### PROVIDED DATA
== Segment start ==

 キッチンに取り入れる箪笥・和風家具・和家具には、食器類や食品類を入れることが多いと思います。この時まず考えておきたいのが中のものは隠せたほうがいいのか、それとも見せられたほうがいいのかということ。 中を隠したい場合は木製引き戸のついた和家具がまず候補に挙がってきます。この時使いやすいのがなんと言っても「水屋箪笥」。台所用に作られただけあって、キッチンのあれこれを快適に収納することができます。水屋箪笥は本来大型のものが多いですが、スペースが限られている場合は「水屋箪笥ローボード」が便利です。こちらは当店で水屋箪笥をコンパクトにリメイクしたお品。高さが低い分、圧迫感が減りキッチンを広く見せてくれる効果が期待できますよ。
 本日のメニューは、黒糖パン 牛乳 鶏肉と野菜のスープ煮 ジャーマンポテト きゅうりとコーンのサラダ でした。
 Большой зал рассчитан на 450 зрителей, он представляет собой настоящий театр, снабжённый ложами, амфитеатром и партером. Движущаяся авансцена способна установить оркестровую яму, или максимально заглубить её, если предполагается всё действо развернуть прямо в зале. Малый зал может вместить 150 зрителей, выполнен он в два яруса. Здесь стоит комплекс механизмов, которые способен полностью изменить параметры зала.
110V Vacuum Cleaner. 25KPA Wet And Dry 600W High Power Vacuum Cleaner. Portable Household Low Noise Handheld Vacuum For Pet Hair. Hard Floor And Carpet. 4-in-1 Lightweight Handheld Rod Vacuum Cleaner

== Segment end ==

### ACTIVITY
With the line containing "本日のメニューは、黒糖パン 牛乳 鶏肉と野菜のスープ煮" as the start and the last line of the listing as the end, restate that stretch word for word and nothing else.

### RESPONSE
 本日のメニューは、黒糖パン 牛乳 鶏肉と野菜のスープ煮 ジャーマンポテト きゅうりとコーンのサラダ でした。
 Большой зал рассчитан на 450 зрителей, он представляет собой настоящий театр, снабжённый ложами, амфитеатром и партером. Движущаяся авансцена способна установить оркестровую яму, или максимально заглубить её, если предполагается всё действо развернуть прямо в зале. Малый зал может вместить 150 зрителей, выполнен он в два яруса. Здесь стоит комплекс механизмов, которые способен полностью изменить параметры зала.
110V Vacuum Cleaner. 25KPA Wet And Dry 600W High Power Vacuum Cleaner. Portable Household Low Noise Handheld Vacuum For Pet Hair. Hard Floor And Carpet. 4-in-1 Lightweight Handheld Rod Vacuum Cleaner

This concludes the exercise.